> MATERIAL TO PROCESS
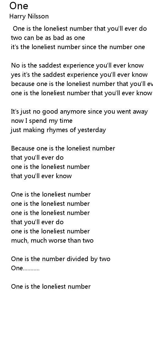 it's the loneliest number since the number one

---

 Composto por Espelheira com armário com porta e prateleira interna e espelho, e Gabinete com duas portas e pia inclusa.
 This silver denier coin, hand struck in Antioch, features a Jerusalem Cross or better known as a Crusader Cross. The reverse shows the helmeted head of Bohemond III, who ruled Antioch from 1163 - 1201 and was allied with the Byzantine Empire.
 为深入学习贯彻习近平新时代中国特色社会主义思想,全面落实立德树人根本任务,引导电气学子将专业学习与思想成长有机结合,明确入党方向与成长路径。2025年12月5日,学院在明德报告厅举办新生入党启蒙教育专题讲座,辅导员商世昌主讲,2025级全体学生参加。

> WHAT YOU ARE ASKED TO DO
The stretch of entries above that starts with the line containing "This silver denier" and goes on through the line containing "为深入学习贯彻习近平新时代中" is to be transcribed exactly, and no other line is to be transcribed.

> TASK RESULT
 This silver denier coin, hand struck in Antioch, features a Jerusalem Cross or better known as a Crusader Cross. The reverse shows the helmeted head of Bohemond III, who ruled Antioch from 1163 - 1201 and was allied with the Byzantine Empire.
 为深入学习贯彻习近平新时代中国特色社会主义思想,全面落实立德树人根本任务,引导电气学子将专业学习与思想成长有机结合,明确入党方向与成长路径。2025年12月5日,学院在明德报告厅举办新生入党启蒙教育专题讲座,辅导员商世昌主讲,2025级全体学生参加。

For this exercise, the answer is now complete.